Data from the National Health Interview Survey (NHIS) finds nearly a third of all American adult smokers smoke menthol cigarettes. In a 2015 NHIS survey, “of the 36.5 million American adult smokers, about 10.7 million reported that they smoked menthol cigarettes,” and white menthol smokers “far outnumbered” the black and African American menthol smokers.[xxxi]
Although lawmakers believe banning menthol cigarettes will deter persons from smoking those, such a ban will likely lead to black markets. A 2012 study featured in the journal Addiction found a quarter of menthol smokers surveyed indicated they would find a way to purchase, even illegally, menthol cigarettes should a menthol ban go into place.[xxxii] Further, there is little evidence that smokers would actually quit under a menthol ban. A 2015 study in Nicotine & Tobacco Research found only 28 percent of menthol smokers would give up cigarettes if menthol cigarettes were banned.[xxxiii]
Moreover, there is no evidence to suggest that menthol cigarettes lead to youth tobacco use. Analysts at the Reason Foundation examined youth tobacco rates and menthol cigarette sales.[xxxiv] The authors of the 2020 report found that states “with more menthol cigarette consumption relative to all cigarettes have lower rates of child smoking.” Indeed, the only “predictive relationship” is between child and adult smoking rates, finding that “states with higher rates of adult use cause higher rates of youth use.”
Lawmakers should take note that menthol sales bans will strain minority communities. Although white Americans smoke more menthol cigarettes than black or African Americans, “black smokers [are] 10-11 times more likely to smoke” menthol cigarettes than white smokers.[xxxv]

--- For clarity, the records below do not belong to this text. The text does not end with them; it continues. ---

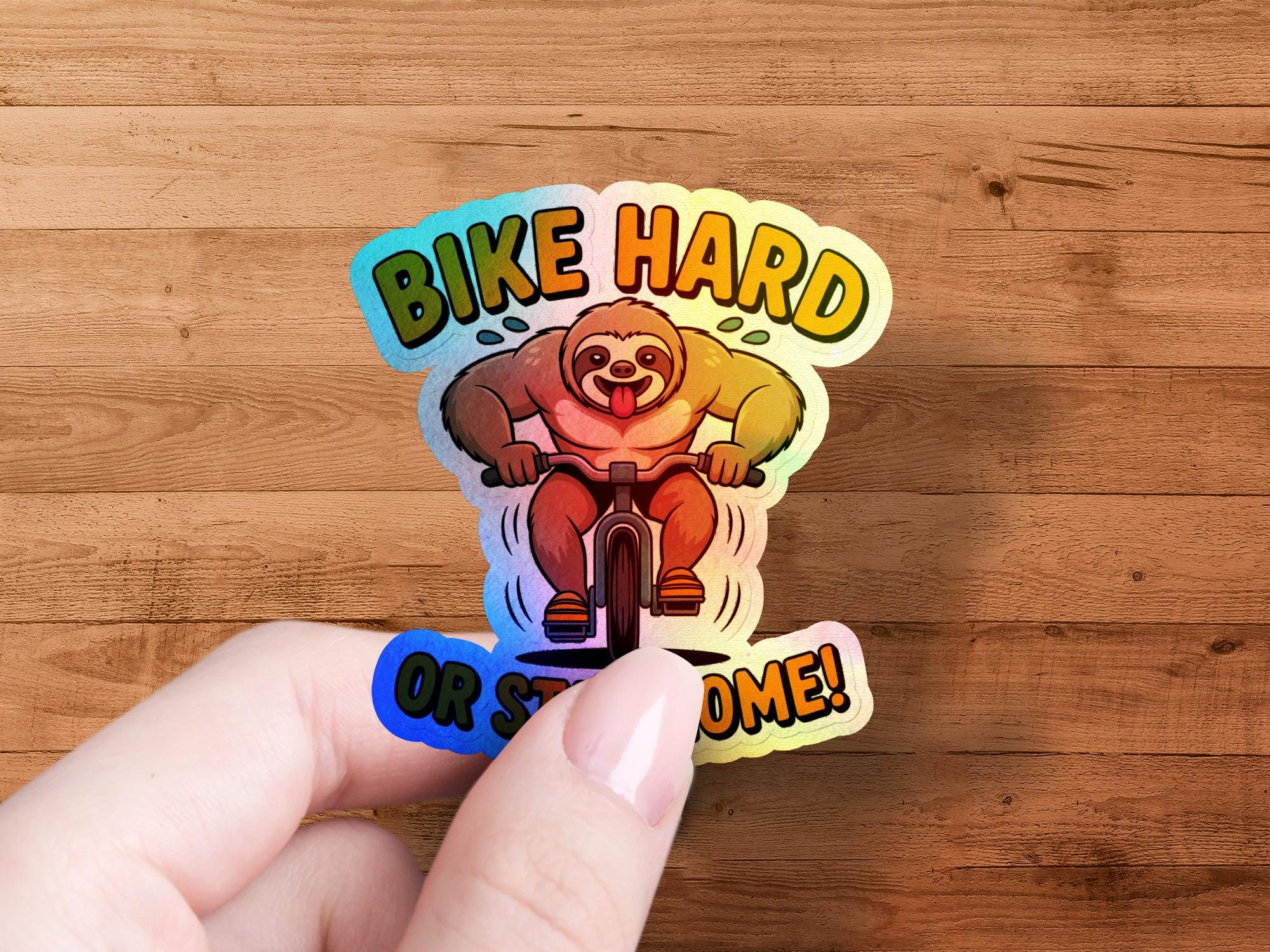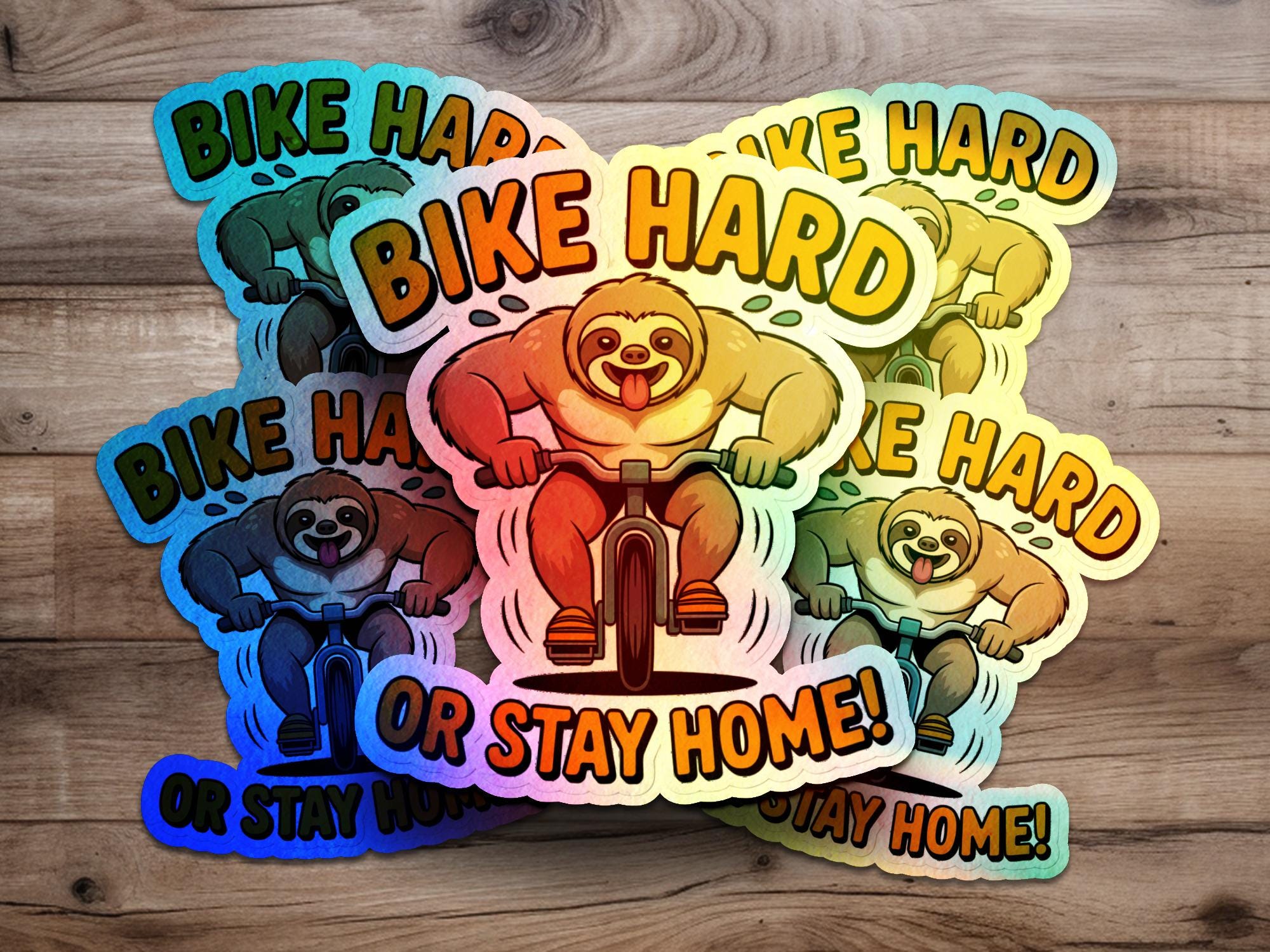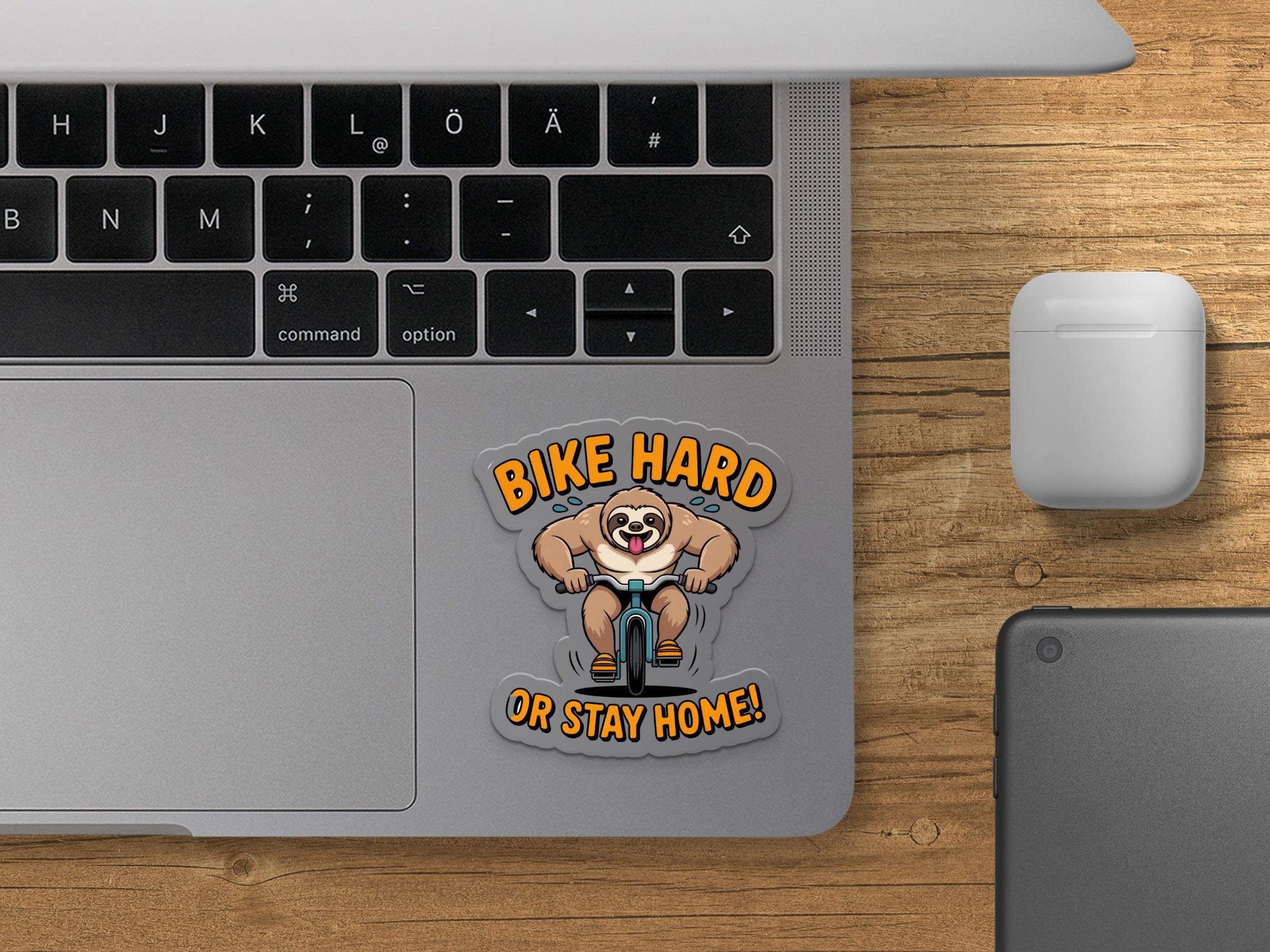 Add a touch of humor and motivation to your belongings with this unique "Bike Hard or Stay Home" sticker featuring a funny sloth on a bicycle! Perfect for cyclists, sloth lovers, or anyone who needs a daily dose of inspiration. Stick it on your laptop, water bottle, notebook, or any smooth surface to showcase your personality and love for adventure.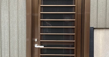 老朽化で傾いた勝手口ドアを取替し、防犯性・採風性・開閉の快適さを向上させました。オータムブラウン色は、落ち着きと温かみを兼ね備えた深みのあるブラウンカラーで木目調や自然素材との相性が良くこちらのカラーで提案しました。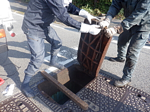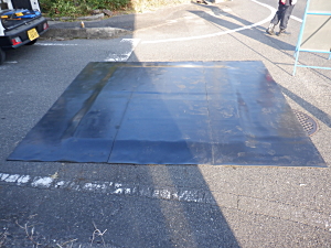 2025/11/21 汚水蓋の撤去と開口部の仮設を行いました。 かなり大きな開口となる為、敷鉄板を敷設し、その上にゴムマットを敷きました。 撤去した汚水蓋はショットブラストを行い、水中部塗装、その後復旧です。 12月初旬には施工予定です。 村野井でした。 |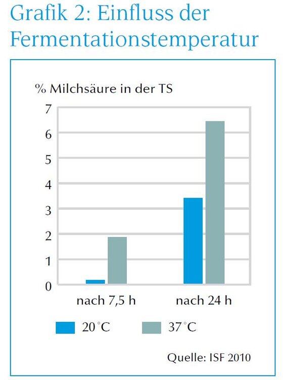Auf die richtige Temperatur kommt es an! Die für die Fermentation von Schweinefutter geeigneten Bakterienkulturen mögen es wesentlich wärmer als in früheren Jahren gedacht. Zunächst wurde bei Zimmertemperatur von etwa 22 °C fermentiert. Wissenschaftliche Untersuchungen haben aber gezeigt, dass bei 36 bis 40 °C deutlich bessere Leistungen erzielt werden können. So ist es möglich, den Futterbrei innerhalb von 24 Stunden auf einen pH-Wert von unter 4 zu bringen. Durch eine Temperaturerhöhung von 20 auf 37 °C verdoppelt sich nach 24-stündiger Fermentation der Milchsäuregehalt im Ferment nahezu (Grafik 2). Eine Verlängerung der Fermentationsphase bringt keinen deutlichen Abfall des pH-Wertes mehr. Folglich lautet die aktuelle Empfehlung zur Fermentation von Schweinefutter: 24 h bei 36 bis 40 °C. Besonders begünstigt sind Betriebe, die eine Biogasanlage haben und damit auf äußerst sinnvolle Weise ihre erzeugte Wärme nutzen können, um das nötige Prozesswasser auf 40 °C aufzuheizen.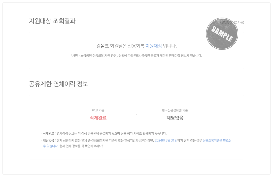 아래는 지원대상 조회결과 샘플의 이미지 입니다.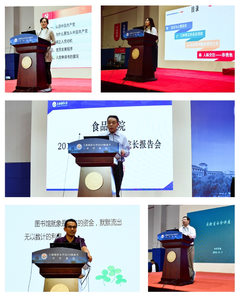 会议第二阶段专题报告会共分为四大板块,分别为“入党启蒙教育报告、心理健康教育报告、图书资源及其利用报告以及实验室安全报告。首先,由食品学院专职组织员杨晗老师为新生们开展入党启蒙教育,杨老师从“党章”、“党史”,及“如何树立正确的入党动机”等方面入手,叮嘱同学们要倍加珍惜中国共产党多年艰苦奋斗打下的良好基础,主动学习党的理论知识,提高自身思想觉悟,努力发展成为一名合格的中共党员。心理咨询中心冯梦倩老师以“适应”为关键词,从适应与心理适应、常见的适应困扰、适应性问题的调节方式和人际交往方面向新生们解读心理疑惑,引导学生思考和认识生命之美。接着,图书馆刘金立老师为新生们带来了入馆教育,简单介绍了上海海洋大学图书馆的资源分布、时间安排、借还书注意事项等。最后,实验室与设备管理处陆文宣副处长以安全事故为例,呼吁大家遵守实验室操作规范,并由院实验中心主任周颖越老师为同学们进行实验室安全讲座。

Given African Americans’ preference for menthol cigarettes, a ban on menthol cigarettes would force police to further scrutinize African Americans and likely lead to unintended consequences.
A 2015 analysis from the National Research Council examined characteristics in the illicit tobacco market.[xxxvi] The researchers found that although lower income persons were less likely to travel to purchase lower-taxed cigarettes, “having a higher share of non-white households was associated with a lower probability of finding a local tax stamp” and “neighborhoods with higher proportions of minorities are more likely to have formal or informal networks that allow circumvention of the cigarette taxes.”
Lawmakers in Maine should reexamine the case of Eric Garner, a man killed in 2014 while being arrested for selling single cigarettes in the city. In a 2019 letter to the New York City council, Garner’s mother, as well as Trayvon Martin’s mother, implored officials to “pay very close attention to the unintended consequences of a ban on menthol cigarettes and what it would mean for communities of color.”[xxxvii] Both mothers noted that a menthol ban would “create a whole new market for loosies and re-introduce another version of stop and frisk in black, financially challenged communities.”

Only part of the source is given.